→ **What to work on**
Drop the pictures; give again exactly the lines from the one holding "随后,2024年优秀志愿者代" through the end of the data.

Collection entries:
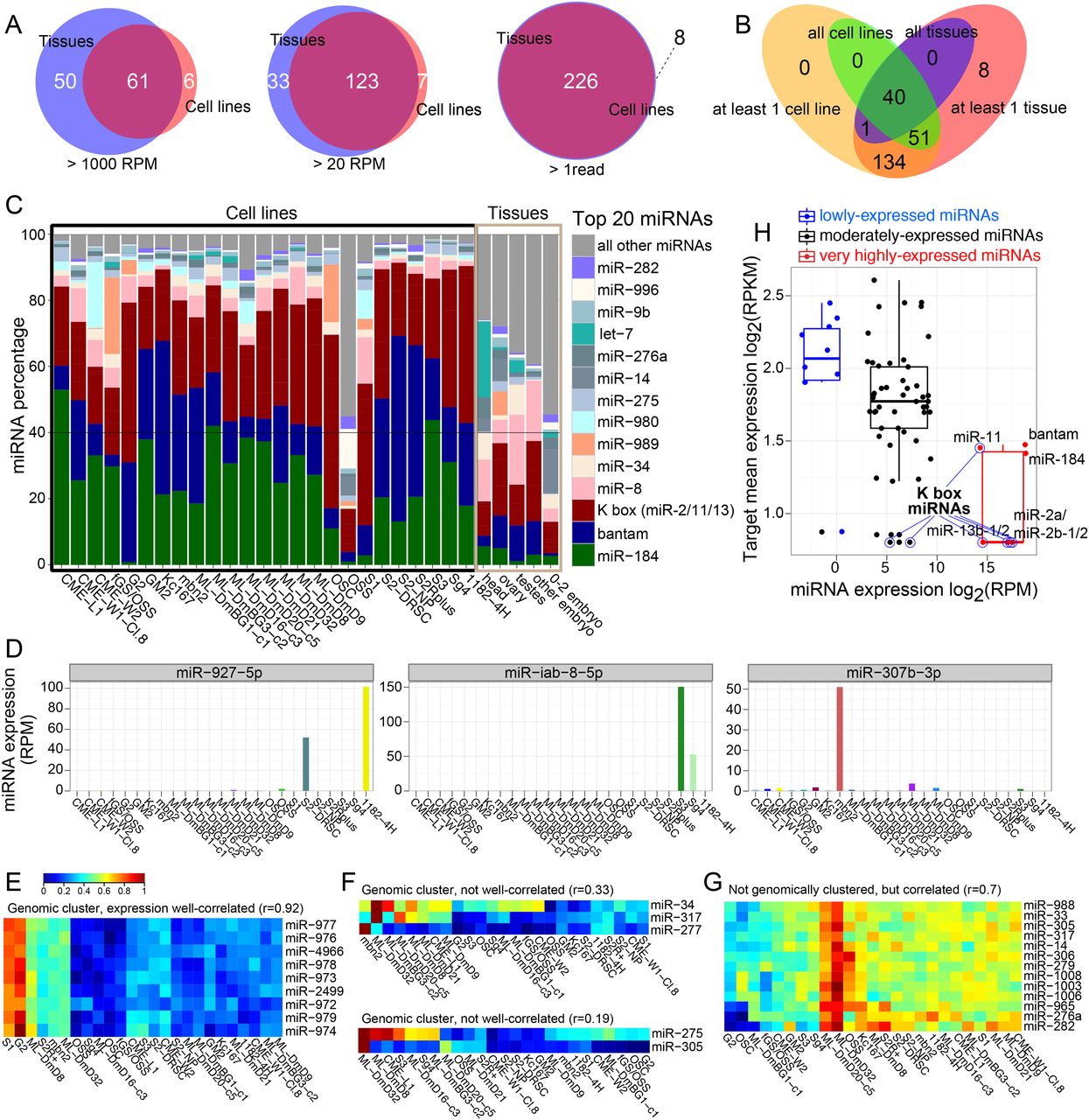Properties of miRNA expression across cell lines. (A) Overlaps between miRNA expression across the aggregated cell line and tissue data sets, at different thresholds of miRNA expression in at least one tissue or cell line, respectively. (B) Summary of overlap of miRNAs (≥1 read) between cell lines and tissues. (C) Percentage distribution of the top 20 expressed miRNAs in individual cell line and tissue data sets (normalized by total miRNA reads). (D) Examples of cell-specific singletons, i.e., expressed in a few cell lines and miRNAs. (E) Example of a highly cell-specific miRNA cluster. All the members of the mir-972→979 cluster are specifically coexpressed in S1 and G2 cells. (F) Examples of genomic miRNA clusters, whose members exhibit disparate expression patterns across different cell lines. (G) A cluster of genomically separate miRNAs that exhibits largely correlated expression patterns across different cell lines. (H) Global anti-correlation of miRNAs and their targets. Target expression (RPKM) for targets of the highly expressed miRs (miR-184/bantam/K box miRNAs), 40th–60th percentile moderately expressed miRNAs, and the lowest 20th percentile miRNAs.
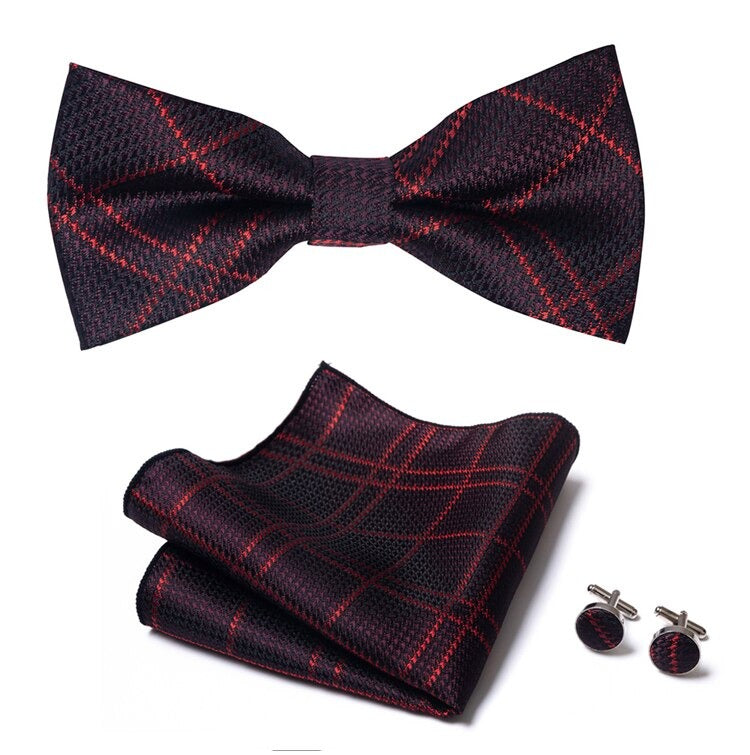 The set includes: bow tie, pocket square, and 2 cufflinks.
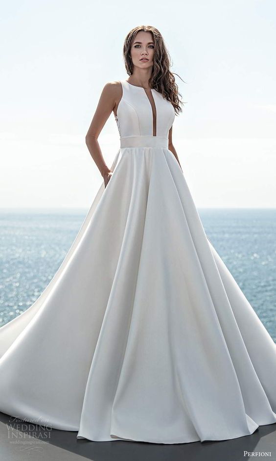 Minimalism takes center stage in this gown, featuring a jewel neckline and a clean, modern simple cut. The absence of straps and lace allows the silhouette itself to make a statement, resonating with modern elegant and simple elegant vibes. Ideal for the bride who embodies modern simple sophistication or for a guest at a contemporary wedding where style is expressed through subtlety and purity of form.
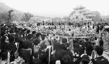 在東嶼村,大家都把蜈蚣閣當(dāng)成是村里的驕傲,還成立了蜈蚣閣表演理事會(huì),專門(mén)負(fù)責(zé)蜈蚣閣表演的推廣活動(dòng)。這些歸功于一位名叫鄭呂嘴的古稀老人。老鄭說(shuō),從小就喜歡蜈蚣閣的表演,如今掌握蜈蚣閣制作工藝的老藝人越來(lái)越少,而年輕人又不感興趣,一直擔(dān)心這門(mén)傳統(tǒng)技藝會(huì)后繼無(wú)人。為此,他一方面四處奔走,呼吁有關(guān)部門(mén)重視對(duì)蜈蚣閣技藝的保護(hù),另一方面,他還把村里有蜈蚣閣制作技藝的人都召集起來(lái),一起成立了蜈蚣閣表演理事會(huì)。
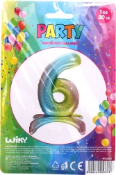 Regenboog op je feest? Met deze opblaasbare ballon in de vorm van het cijfer 6 creëer je eenvoudig een indrukwekkende fotobooth-decoratie en een centraal element in de aankleding. Dankzij de hoogte van 80 cm valt hij goed op en past hij perfect bij andere ballonnen of slingers.
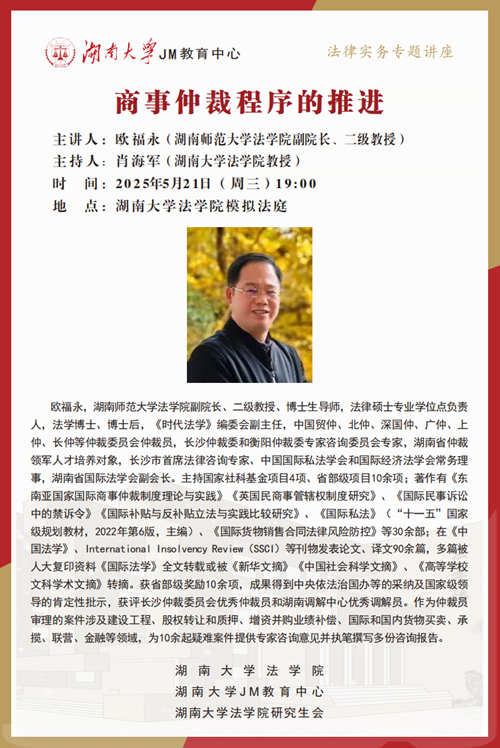 副院长、二级教授、博士生导师欧福永,为大家讲述商事仲裁程序的推进,帮助大家了解相关实务问题,本次讲座由逼哩逼哩
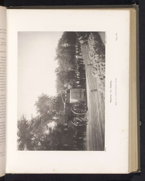 Editor: So, here we have a gelatin-silver print, a photograph titled "Opbreken van een kamp," taken by Frederick Saint John Gore before 1895. It seems to capture a very transient moment…the hustle and bustle of a camp being packed up. What stands out to you when you look at this? Curator: You know, I’m immediately drawn to the implied narrative. It’s more than just a snapshot of a place; it’s a moment brimming with human activity, a collective endeavor just before dispersal. I sense the quiet anxiety inherent to transitional spaces and the temporality of 'home.' Look closely; how does Gore use light and shadow to amplify the scene's emotion, do you think? Editor: I see what you mean, there is almost a sense of impending…something. The light is very flat and even which makes everything feel close and immediate. Do you think the flat lighting contributes to this temporality, this idea of an “in-between” moment? Curator: Absolutely! The starkness pushes all of this temporality to the front of the work.. Photography in this period was so often posed, and controlled – think portraits in studios. Gore lets something unplanned into the image, a refreshing slice of life captured and frozen, not composed. It allows us to think about time passing in such a still, silent space! Editor: It’s really incredible to think about that difference in approach. I initially only saw the physical action, but you've helped me see so much about temporality and intentionality here, which complicates my initial take. Curator: Exactly! I believe, perhaps naively, that every artwork hides secrets, each layer peeling back more context and story for anyone with patience and curiosity. A good eye, as yours develops, sees beyond subject. Editor: Thanks! Well, now I can’t wait to peel back some more.
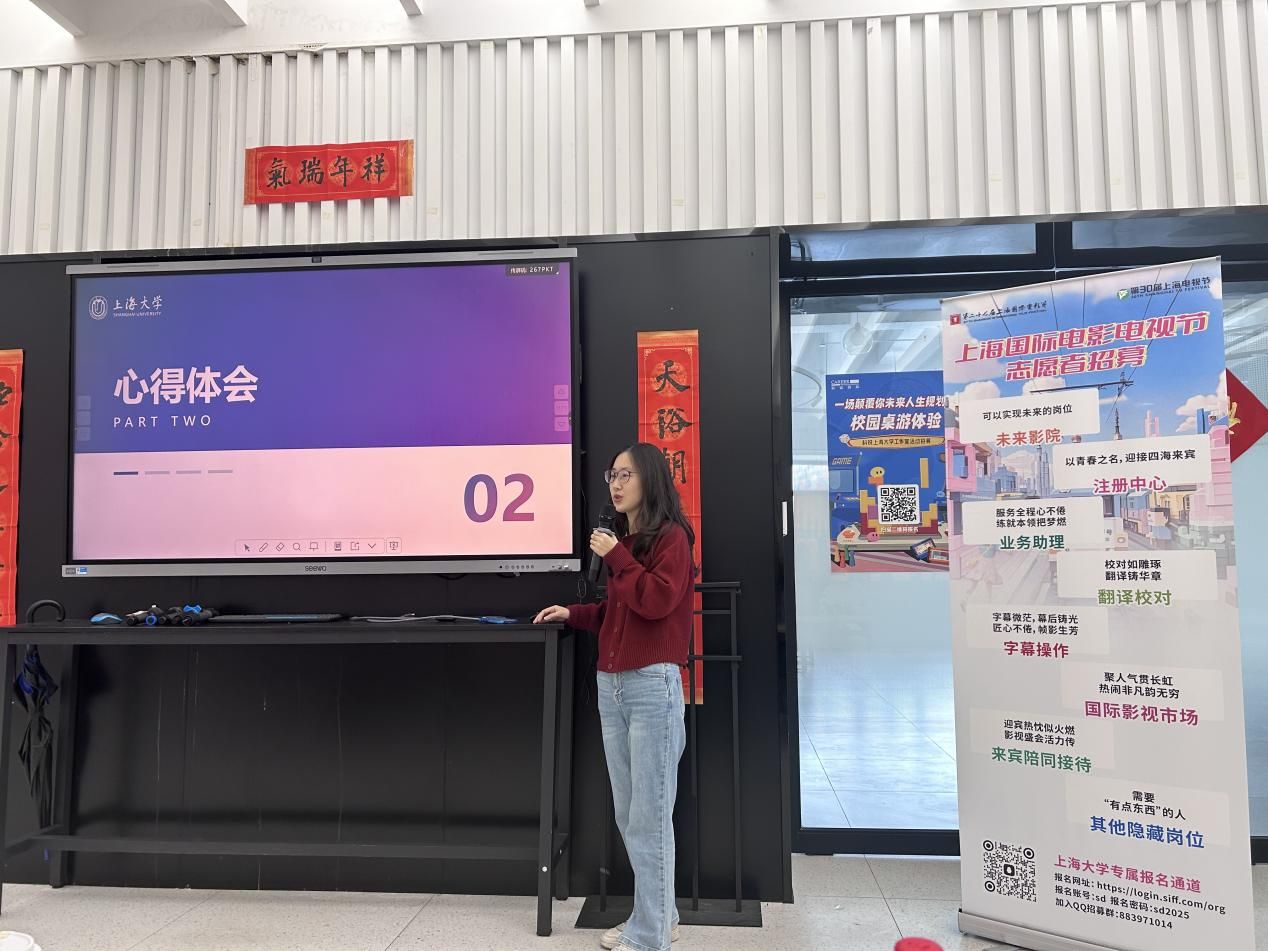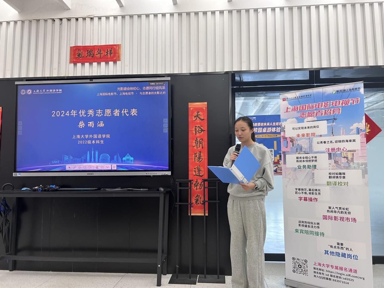 随后,2024年优秀志愿者代表——澳门正规电子游戏平台研究生汤静怡与本科生柴雨涵进行分享。汤静怡以切身体验讲述自己的真实志愿经历,她与上海电影节和电视节的三次结缘;柴雨涵则用“字幕机”的视角,揭秘字幕制作背后的技术细节与团队协作故事。两位志愿者的生动讲述,让现场掌声不断,也让台下志愿者们更加坚定了参加“两节”志愿服务的决心。
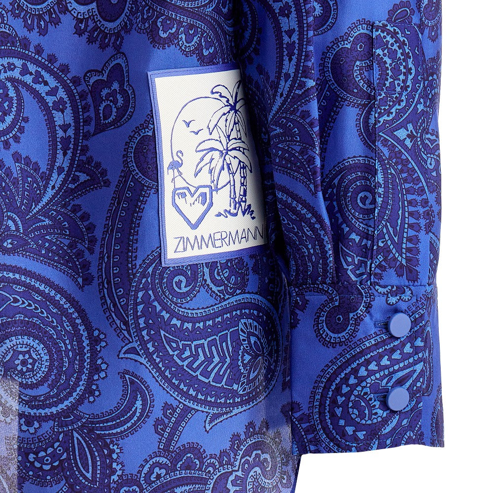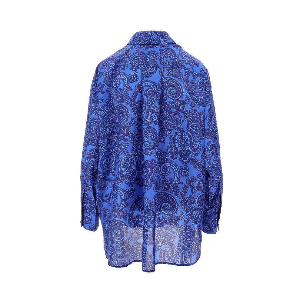 Shirt made from silk habotai with paisley motif, enriched with jacquard fabric patch on the bottom. Pointed collar, front closure with tone-on-tone buttons and two-button rounded cuffs. Oversized silhouette.
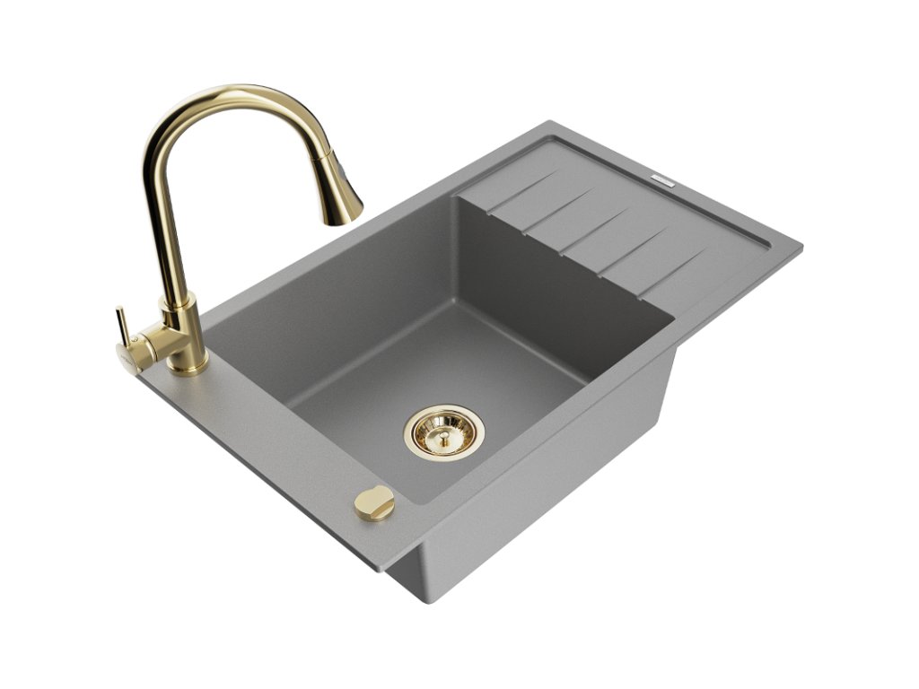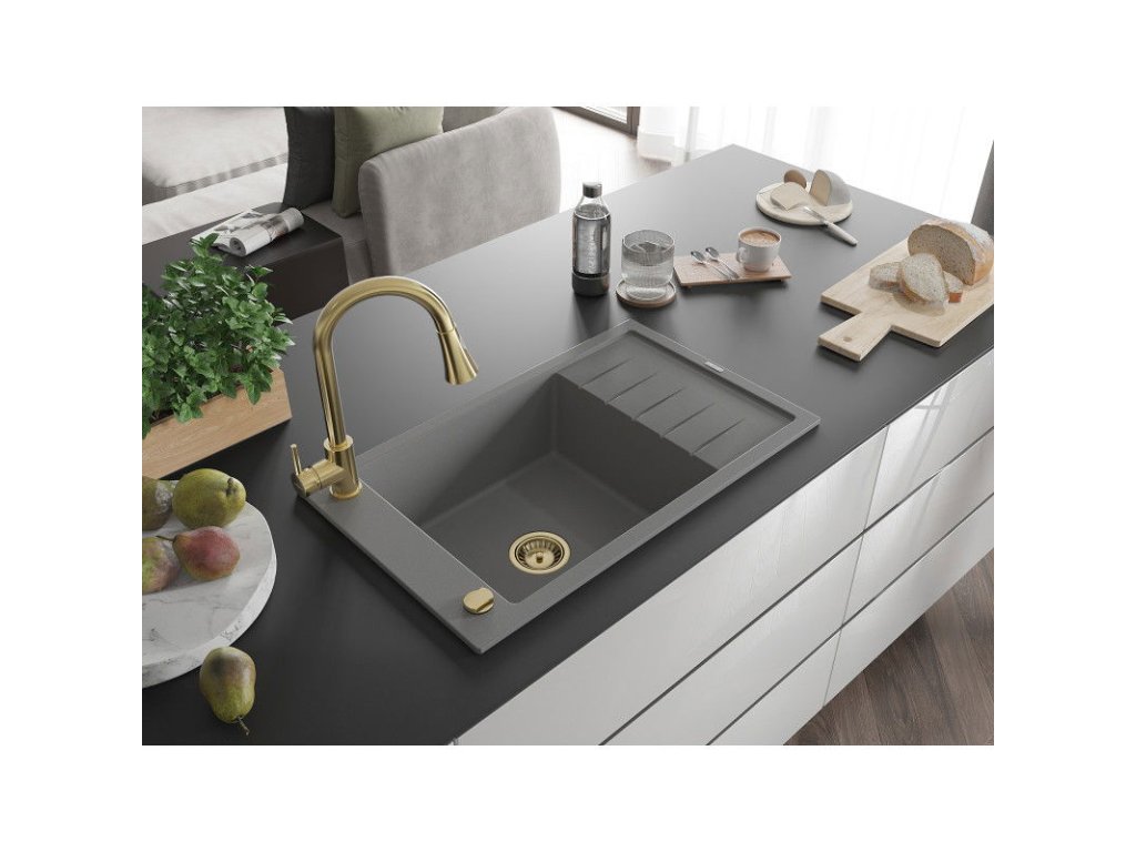 Granitový drez Mexen Elias s 1 misou, odkapávačom a kuchynskou batériou Elia, sivý - 6511-71-670101-50

→ **Written response**
 随后,2024年优秀志愿者代表——澳门正规电子游戏平台研究生汤静怡与本科生柴雨涵进行分享。汤静怡以切身体验讲述自己的真实志愿经历,她与上海电影节和电视节的三次结缘;柴雨涵则用“字幕机”的视角,揭秘字幕制作背后的技术细节与团队协作故事。两位志愿者的生动讲述,让现场掌声不断,也让台下志愿者们更加坚定了参加“两节”志愿服务的决心。
 Shirt made from silk habotai with paisley motif, enriched with jacquard fabric patch on the bottom. Pointed collar, front closure with tone-on-tone buttons and two-button rounded cuffs. Oversized silhouette.
 Granitový drez Mexen Elias s 1 misou, odkapávačom a kuchynskou batériou Elia, sivý - 6511-71-670101-50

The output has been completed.